I now know why a lot of people don’t take vacations. It is WORK to get ready for one.
I’m in the middle of a huge project at work that I want to wrap up before I leave for vacation. And, I’m feeling “hard pressed on every side” as I try to make that happen. You see, I have appointments and errands and obligations before and after work each day, which limit my ability to work extra hours to get this huge project done.
But are all the things I’ve crammed into my schedule in preparation for vacation really necessary?

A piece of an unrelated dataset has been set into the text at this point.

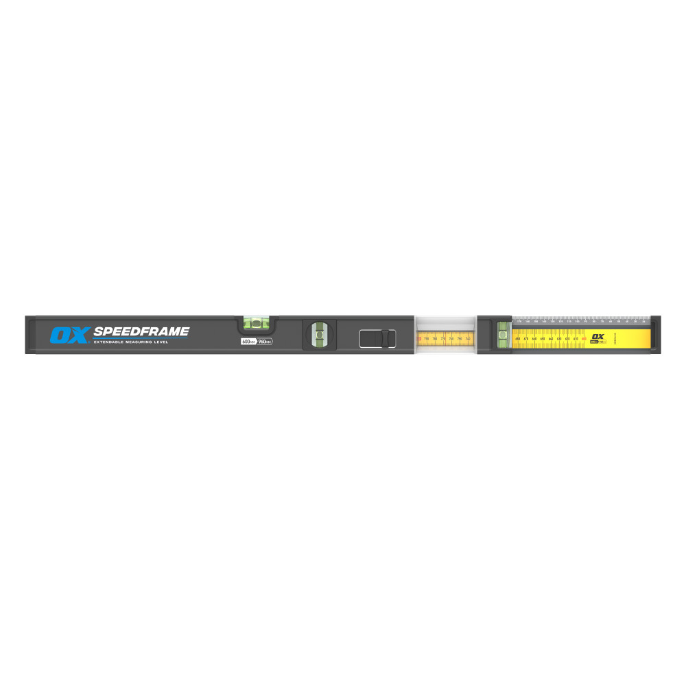 The OX PRO 600-960mm SPEEDFRAME is a next-gen extendable measuring tool designed for precise point-to-point measuring. The patented twin-rail extension smoothly extends from 600mm to 960mm with no risk of tipping or tilting. The SPEEDFRAME features an integrated scale window, three vials, built-in scribing edge, and anodised aluminium profile. Delivers unmatched measuring precision for framing, carpentry, cabinetry, pipe and cable runs, bricklaying, and much more.

Did I need a haircut, a brow wax, and a pedicure? I tell myself that those were absolutely necessary because I am seeing my family. After all, I wouldn’t want to show up as the "Shaggy, Unibrow, Callous Foot Wonder" and embarrass them.
Do I “need” to get the dog bathed and get my house in “perfect” order for the housesitter? Obviously, I don’t want to be known as a slob or have the housesitter deal with the dog hair that is everywhere.
And then those familiar words hit me: “Martha, Martha, you are worried and upset about many things, but only one thing is needed. Mary has chosen what is better, and it will not be taken from her.” (Luke 10:38-42)
You see, I am a Martha through and through. I want everything looking perfect. I want everything to be in order.
But at what cost? Sacrificing prayer time?
I see a definite correlation between the increase in my anxiety level and my absence of time with the Lord. I want to be prayed up for this trip--for good health, safe travel, and sweet time with family. But in order to do that, I must make prayer a priority and dispense with my preconceived notions of what I may or may not look like when I arrive and how my house might look while I’m gone.
Lord, I want to choose “what is better.” Help me. As I prepare for this trip, show me what really needs to be done.